→ **Work required**
Pictures in the material below are to be left out, and only the lines from the line with "Zestaw obrazy w" up to and including the line with "参加したこどもたちは、細胞の" are to be written out exactly.

→ **Data to use**
=== Section Start ===
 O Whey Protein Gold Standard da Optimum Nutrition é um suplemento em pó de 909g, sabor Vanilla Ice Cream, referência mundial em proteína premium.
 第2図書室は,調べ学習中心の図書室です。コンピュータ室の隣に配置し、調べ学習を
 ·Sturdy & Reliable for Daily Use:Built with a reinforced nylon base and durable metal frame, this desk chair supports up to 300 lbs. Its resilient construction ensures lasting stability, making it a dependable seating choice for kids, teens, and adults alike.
=== Section End ===
=== Section Start ===
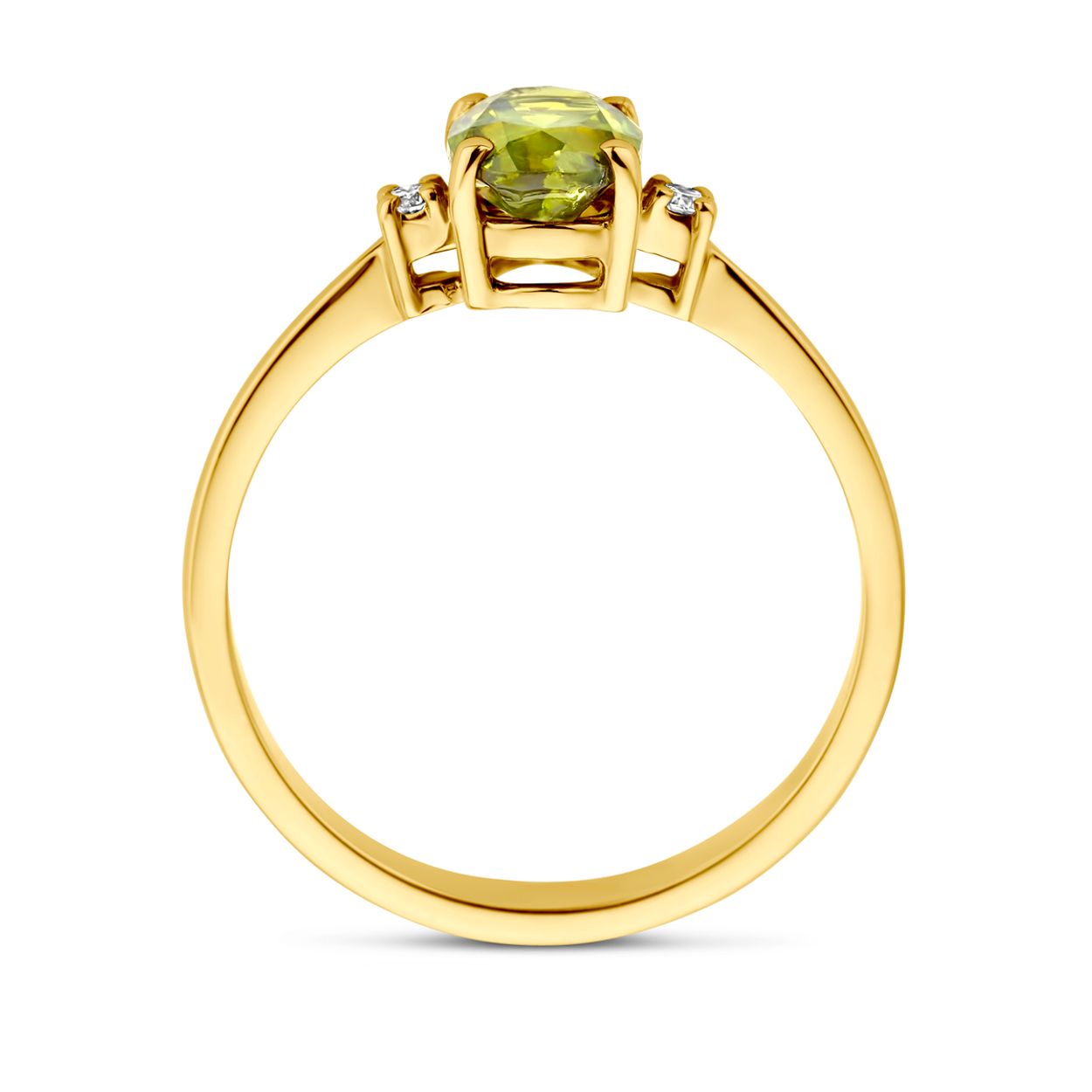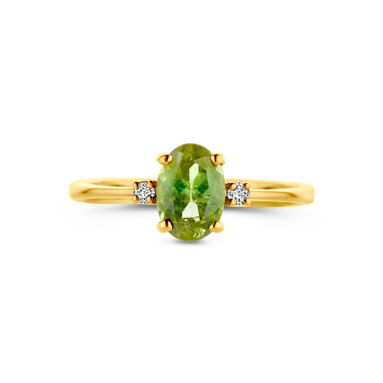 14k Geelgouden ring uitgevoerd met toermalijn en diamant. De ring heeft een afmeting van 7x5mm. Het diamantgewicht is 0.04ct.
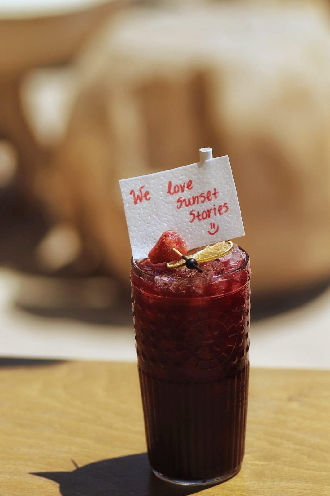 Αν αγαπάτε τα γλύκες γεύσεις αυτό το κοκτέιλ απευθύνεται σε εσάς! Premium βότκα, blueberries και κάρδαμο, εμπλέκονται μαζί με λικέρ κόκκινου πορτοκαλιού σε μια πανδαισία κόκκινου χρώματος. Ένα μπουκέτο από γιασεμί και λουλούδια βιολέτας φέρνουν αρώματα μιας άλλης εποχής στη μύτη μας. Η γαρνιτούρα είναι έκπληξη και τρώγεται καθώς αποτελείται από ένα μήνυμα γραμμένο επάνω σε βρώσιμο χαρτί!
=== Section End ===
=== Section Start ===
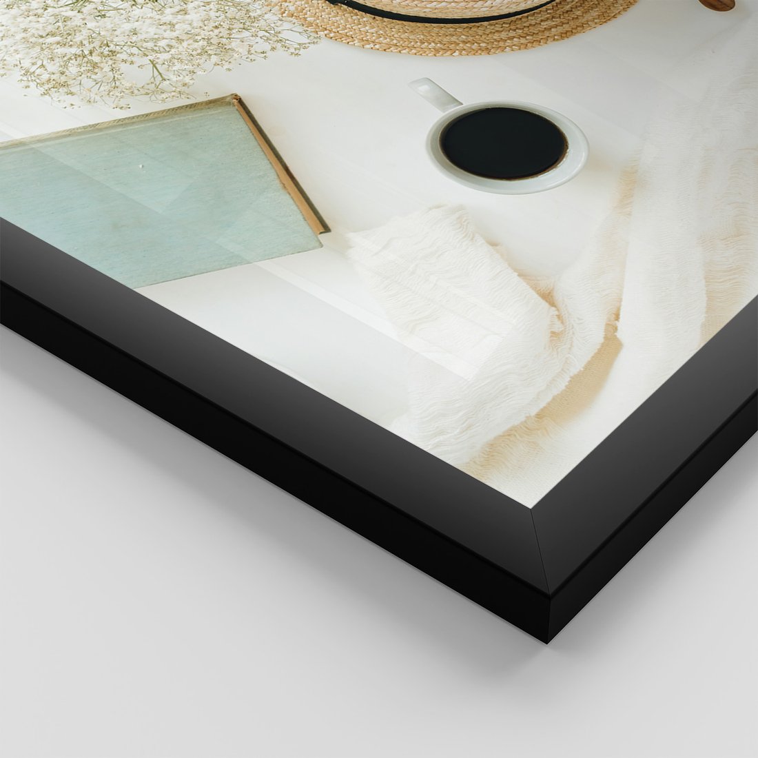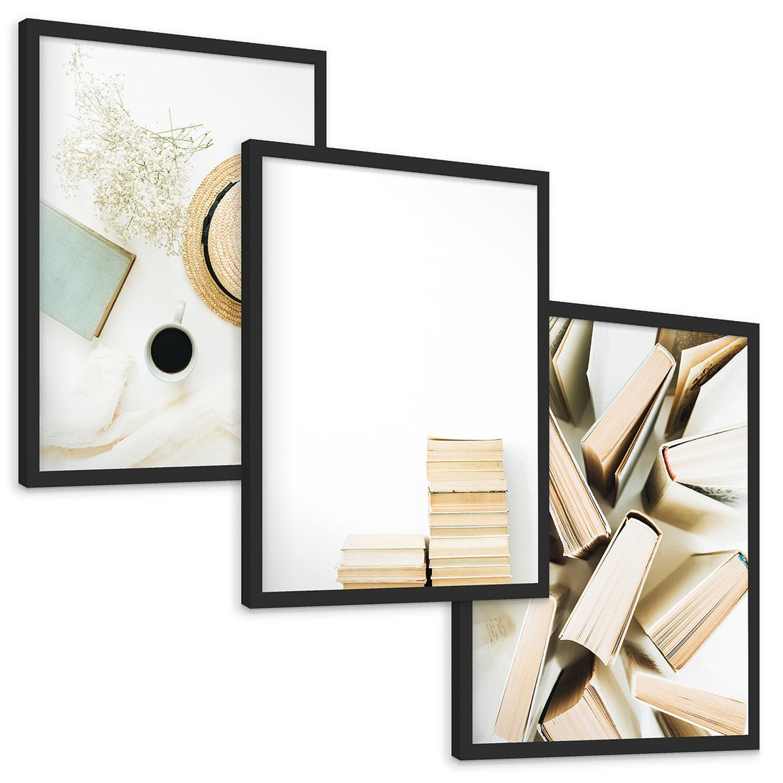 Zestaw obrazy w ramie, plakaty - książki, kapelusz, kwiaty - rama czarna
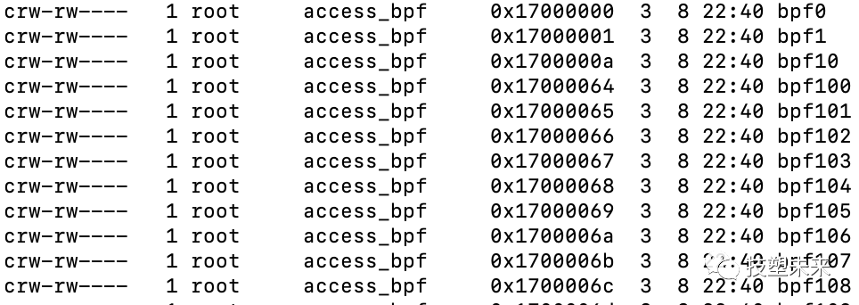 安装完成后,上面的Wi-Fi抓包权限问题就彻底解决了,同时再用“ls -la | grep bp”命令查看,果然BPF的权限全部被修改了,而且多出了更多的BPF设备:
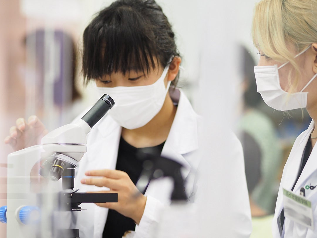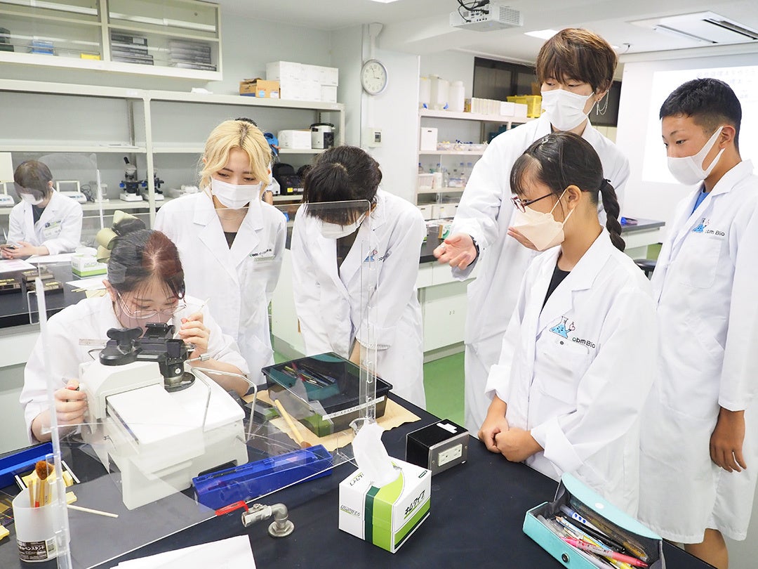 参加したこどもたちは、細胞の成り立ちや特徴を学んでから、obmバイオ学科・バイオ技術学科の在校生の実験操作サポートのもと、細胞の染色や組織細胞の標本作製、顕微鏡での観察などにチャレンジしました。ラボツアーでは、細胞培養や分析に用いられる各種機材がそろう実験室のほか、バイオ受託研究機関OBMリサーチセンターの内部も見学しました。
=== Section End ===
→ **Task output**
 Zestaw obrazy w ramie, plakaty - książki, kapelusz, kwiaty - rama czarna
 安装完成后,上面的Wi-Fi抓包权限问题就彻底解决了,同时再用“ls -la | grep bp”命令查看,果然BPF的权限全部被修改了,而且多出了更多的BPF设备:
 参加したこどもたちは、細胞の成り立ちや特徴を学んでから、obmバイオ学科・バイオ技術学科の在校生の実験操作サポートのもと、細胞の染色や組織細胞の標本作製、顕微鏡での観察などにチャレンジしました。ラボツアーでは、細胞培養や分析に用いられる各種機材がそろう実験室のほか、バイオ受託研究機関OBMリサーチセンターの内部も見学しました。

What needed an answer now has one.